# automatic mk2 golf 1.8L 8V - mods - where to start



## kt883 (Nov 23, 2007)

just bought a automatic mk2 golf and it seems a little underpowered as my last two cars were 3.1L and 3.8L. The stock exhaust seems a little narrow and id like to replace it. Not looking for nething loud or very expensive, just something better than the stock pinner exhaust. Thinking of getting a k&n air filter, but that might be a while b/c the one thats in there now looks fairly new and i think its a fram so i dont know if there would be much point in getting the k&n. Any other mods that i can do to increase power? Mainly low end. Please include approx. prices. Also does the curtesy light come on when you open the door b/c mine doesnt and im pretty sure all fuses are good.


----------



## eurowner (Jan 26, 2002)

Make sure that all your fluids are replaced with synthetic if pissible. Bosch cap & rotor, plugs-Copper [platminumirdidum plugs make the older VWs run like ass, wires, fuel filter, K&N is fine.
Techtonics Tunning exhaust system from the cat back will be a great start, see if you have a dual outlet exhaust manifold & down pipe-if not get them. Then you can add a cam.


----------



## SimonH (May 28, 2000)

*Re: (eurowner)*

Well, don't expect too much with it being an automatic tranny. Dual outlet exhaust will help a few hp's and maybe a cam for a few more hp's. A better flowing exhaust for a few more hp's. You could sink about US$500-$700 in parts for doing these three. KN filter will not give noticeable hp gain, in my opinion. Yes, the courtesy light should come on when you open the door. Perhaps the bulb is gone?
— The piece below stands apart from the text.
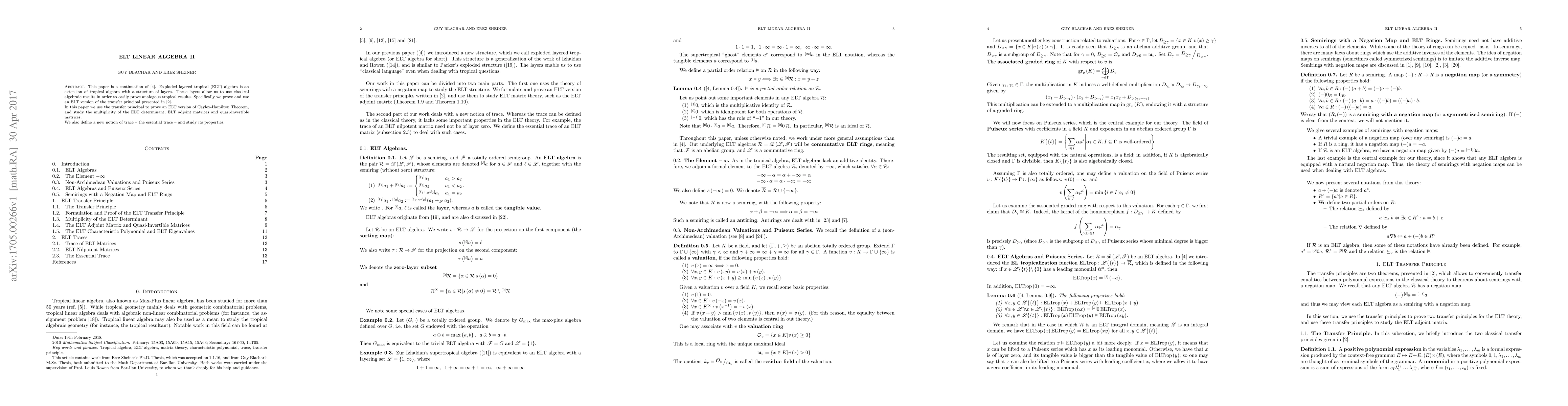 This paper is a continuation of [arXiv:1603.02204]. Exploded layered tropical (ELT) algebra is an extension of tropical algebra with a structure of layers. These layers allow us to use classical algebraic results in order to easily prove analogous tropical results. Specifically we prove and use an ELT version of the transfer principal presented in [2]. In this paper we use the transfer principle to prove an ELT version of Cayley-Hamilton Theorem, and study the multiplicity of the ELT determinant, ELT adjoint matrices and quasi-invertible matrices. We also define a new notion of trace -- the essential trace -- and study its properties.

_Modified by SimonH at 12:46 PM 12-1-2007_


----------



## kt883 (Nov 23, 2007)

I just want enough power to get out of a tight situation/pass ppl. I expect any huge power increases or anything. Just wanna know what kind of a difference a better exhaust system will make
my mistake the curtesylight does come on. 


_Modified by kt883 at 1:39 PM 12-1-2007_


----------



## eurowner (Jan 26, 2002)

*Re: (kt883)*


_Quote, originally posted by *kt883* »_I just want enough power to get out of a tight situation/pass ppl. I expect any huge power increases or anything. Just wanna know what kind of a difference a better exhaust system will make



_Quote, originally posted by *eurowner* »_Make sure that all your fluids are replaced with synthetic if pissible. Bosch cap & rotor, plugs-Copper [platminumirdidum plugs make the older VWs run like ass, wires, fuel filter, K&N is fine.
Techtonics Tunning exhaust system from the cat back will be a great start, see if you have a dual outlet exhaust manifold & down pipe-if not get them. Then you can add a cam.


_Quote, originally posted by *SimonH* »_Dual outlet exhaust will help a few hp's and maybe a cam for a few more hp's. A better flowing exhaust for a few more hp's. You could sink about US$500-$700 in parts for doing these three. KN filter will not give noticeable hp gain, in my opinion.


----------



## reemis (Mar 22, 2005)

*Re: automatic mk2 golf 1.8L 8V - mods - where to start (kt883)*

trade it in for mk3 jetta manuel, that should help with power issues .


----------



## dubbernutter (Feb 23, 2003)

*Re: automatic mk2 golf 1.8L 8V - mods - where to start (reemis)*

Convert to manual.
Should reap better mpg, plus it may actually feel more powerful.
Thats what i've experienced.
Autos really stink in the mk2s.


----------



## kt883 (Nov 23, 2007)

looks like ill just have to stick it out in the golf till i got money for a newer car. Im in school right now so that may be a while


----------



## Mr Black (Jan 20, 2002)

*Re: (kt883)*

I'll echo what eveyrone else has said... mild cam (Autotech 270) and 4-2 OEM manifold and downpipe will help. You'll need the matching cat or you'll have to modify the dual downpipe for an 02 sensor bung.
Exhaust wise.... you could try using Bosal OEM 16v system, which is probably quiet but won't give a big power boost, or step up to a Brospeed which is a beautiful (stainless) system but a bit louder. Not as loud as a Techtonics or Eurosport. But really, th exhaust itself MIGHT give you 5 whp, and thru an automatic that's not going to change your life. 
To be honest.... tranny swap really is the way to go







Get a nice ACN wide ratio box out of an early Mk2 if you like wide gears for cruising, or an AUG from a later Mk2 if you like shorter gears and slightly zippier acceleration. Or have the best of all worlds, AUG with a taller ACN 5th gear.


----------